Naukowcy chcieli również aktywować szlak TRL4, ponieważ wzmacnia on efekty aktywacji STING. Używają agonistów, czyli wszelkich substancji chemicznych, które mogą wywołać odpowiedź biologiczną; w tym przypadku w szlakach stymulujących układ odpornościowy. Jednak wprowadzenie tych substancji chemicznych wyzwalających układ odpornościowy do mikrośrodowiska guza nadal stanowi wyzwanie.

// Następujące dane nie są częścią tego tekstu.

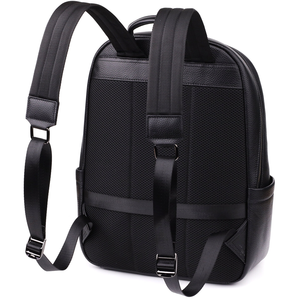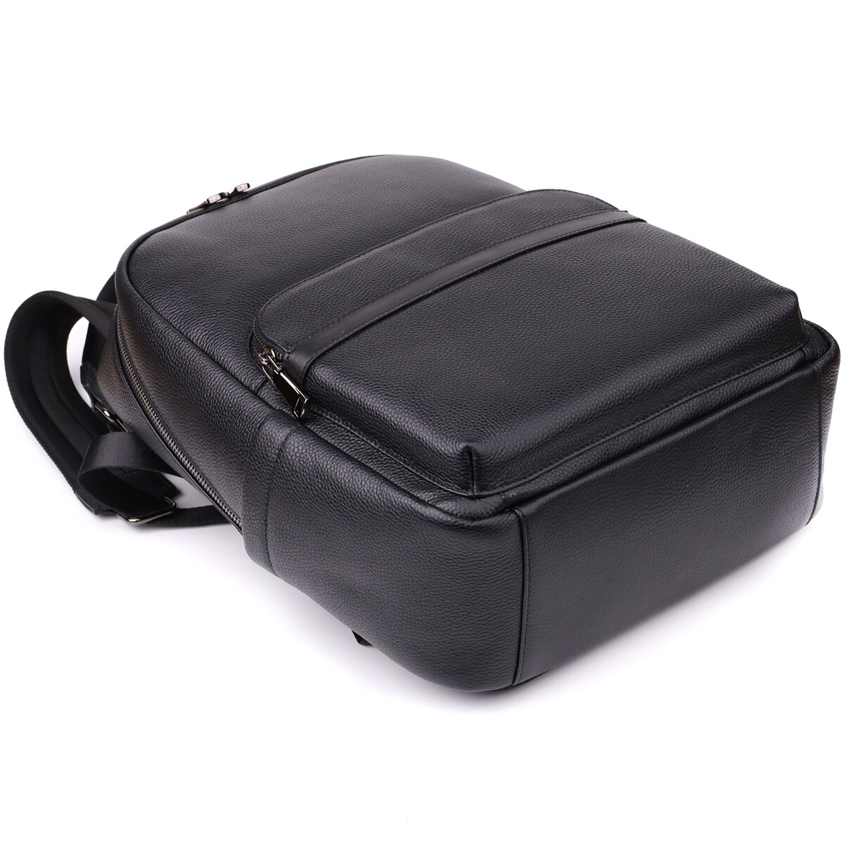 Чоловічий шкіряний рюкзак виконаний з натуральної шкіри з виразною текстурою та оснащений одним основним відділенням на блискавці з двома бігунками, що забезпечує зручний доступ та місткість. Усередині знаходяться дві відкриті кишені для зручної організації дрібних речей. На лицьовій стороні розташована накладна кишеня на блискавці, яка підходить для швидкого доступу до необхідних предметів. Для комфортного перенесення передбачена шкіряна ручка, м'які лямки, що регулюються, і ортопедична спинка, яка знижує навантаження на хребет при тривалому носінні. Фурнітура виконана в кольорі темного срібла, підкреслюючи стиль та елегантність моделі. Цей рюкзак стане надійним та зручним супутником у повсякденному житті.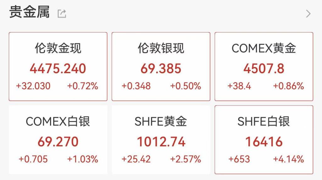 12月23日,现货黄金(伦敦金现)延续上涨势头,盘中一度逼近4500美元/盎司关口,达4497.754美元/盎司,续创历史新高。截至发稿,报4475.24美元/盎司,涨0.72%。 ![]() 与此同时,COMEX黄金在相继突破4500美元/盎司、4510美元/盎司、4520美元/盎司关口后有所回落,截至发稿报4507.8美元/盎司,涨0.5%。 12月22日,现货黄金站上4400美元/盎司。周一美股交易时段,国际黄金、白银价格加速上涨,COMEX黄金期货大涨2.13%,报4480.6美元/盎司;COMEX白银期货大涨2.37%,报69.09美元/盎司,势将创下1979年以来的最大年度涨幅。 受此影响,国内品牌金饰价格纷纷上涨,多家品牌金饰克价站上1400元。周大福、周生生足金饰品价格上调至1403元/克,老庙黄金足金饰品价格也上调至1402元/克。 ![]() 其他贵金属品种也全线飙升,12月23日,现货白银首次站上70美元关口。 在中国市场,12月23日,广州期货交易所的铂金和钯金主力合约双双触及10%的涨停板,创下上市以来新高。截至发稿时,二者涨幅稍有回落。 为应对过热的交易,广州期货交易所已于12月18日宣布,将非期货公司会员或客户的铂金和钯金合约持仓限额设定为500手。 上海期货交易所也出手降温。12月22日晚间,上期所发布公告,针对白银期货相关合约出台多项风险防范措施,内容涵盖调整交易限额、调整平今仓交易手续费等。分析人士认为,此举旨在为市场降温,引导理性交易,投资者在交易时应注意控制风险。 12月23日早间, 上海黄金交易所发布《关于继续加强近期市场风险控制工作的通知》,提醒会员单位,近期影响市场不稳定的因素较多,贵金属价格波动剧烈。请各会员提高风险防范意识,继续做好风险应急预案,维护市场平稳运行。同时,提示投资者做好风险防范工作,合理控制仓位,理性投资。 分析人士指出,美国11月CPI及核心CPI增速降至多年低位,强化市场对美联储宽松政策的预期,叠加地缘风险与央行购金支撑,贵金属价格持续走强。 据新华社援引彭博社22日的预期,黄金和白银都将迎来自1979年以来最强劲年度涨幅。受各国央行增持以及资金流入“交易所交易基金”(ETF)推动,金价今年已飙升约三分之二。数据显示,黄金支持的ETF已连续5周资金流入增加。世界黄金协会的数据表明,除5月外,今年这些基金的总持仓量逐月增加。 除央行外,投资者同样在金价上涨中发挥重要作用。受“贬值交易”推动,即出于对主权债券及其计价货币价值的担忧,投资者纷纷撤离这些资产。美国《华尔街日报》10月报道,担忧美元等货币前景的投资者正大举买入黄金等替代性资产。 高盛本月18日发布的研报预期,到2026年年底,金价将涨至每盎司4900美元。该行补充说,这一预测存在低估风险,并提到私人投资者可能出现更广泛的多元化资产配置需求。 在另一份概述2026年大宗商品前景的研报中,高盛预计央行购金的高需求以及美联储降息带来的周期性支撑,将继续为金价上涨奠定基础,建议做多黄金。 但狂欢也伴随着风险,摩根大通警告高昂的银价正侵蚀光伏需求。同时,需高度警惕1月8日起彭博商品指数再平衡引发的技术性抛压:预计白银抛售规模占期货持仓9%,黄金占3%,这股巨量强制卖盘或打破新年季节性利好。 (文章来源:澎湃新闻) |

Rozwiązanie badaczy: zamknięcie agonistów STING i TRL4 w nowatorskiej konstrukcji nanocząsteczek na bazie lipidów. Nanocząsteczki mają kilka zalet. Po pierwsze, badania wykazały, że są one wysoce skuteczne w dostarczaniu agonistów do trudnego mikrośrodowiska guza.

Konstrukcja pozwala również na pakowanie obu agonistów razem – wyzwanie, ponieważ te dwa mieszają się, a także olej i woda. „Gwarantuje to, że są one przenoszone w krwiobiegu razem, docierają razem do tej samej komórki docelowej i są pobierane razem przez tę samą komórkę docelową” – mówi Atukorale.

„Używamy biokompatybilnych materiałów na bazie lipidów, aby kapsułkować leki, które funkcjonalnie współdziałają ze sobą, ale nie lubią znajdować się obok siebie, a następnie jesteśmy w stanie wykorzystać możliwości inżynieryjne, aby wbudować w nie różne funkcjonalności i nakierować je tam, gdzie powinny trafić” – wyjaśnia.

Synergistyczne działanie dwóch agonistów plus terapia T/P okazały się skuteczne: u ośmiu z dziewięciu myszy zaobserwowano martwicę i kurczenie się guza. „Mieliśmy też dwie myszy, u których wystąpiła całkowita odpowiedź, co oznacza, że ​​guzy całkowicie zniknęły, co jest dość uderzające” — mówi Ruscetti. „Nigdy wcześniej nie widzieliśmy czegoś takiego w tym modelu”.

Nadal jest wiele do zrobienia, ponieważ guzy powróciły po zaprzestaniu podawania leku myszom, jednak Ruscetti twierdzi, że jest to bardzo obiecujący krok w kierunku wyleczenia.

„Jeśli wykraczasz poza raka trzustki i przechodzisz do innych typów raka, potrzebujesz terapii skojarzonej, która ma na celu ukierunkowanie na guz i układ odpornościowy” – dodaje. „To strategia, która pozwoli to zrobić”. Leczenie nowotworów, takich jak PDAC, które można uzyskać z tego badania, obejmuje mutacje raka jelita grubego, raka płuc, raka wątroby i raka dróg żółciowych (raka dróg żółciowych).

Prabhani dodaje, że modułowa natura tej konstrukcji umożliwia terapie, które można łatwo spersonalizować dla pacjentów. „To rodzaj plug and play” — mówi. „Możemy dostosować proporcje agonistów, kombinacje leków, cząsteczki docelowe, ale zachowując zasadniczo tę samą platformę. To właśnie sprawi, że będzie ona, miejmy nadzieję, translacyjna, ale także dostrajalna dla każdego pacjenta, ponieważ wiele z tych terapii nowotworowych musi być spersonalizowanych”.

Na koniec kiwa głową na temat siły współpracy między dwiema instytucjami UMass, mówiąc: „Ten typ systemu łatwo zbudować, gdy masz uzupełniającą się, ale multidyscyplinarną i interdyscyplinarną wiedzę specjalistyczną”.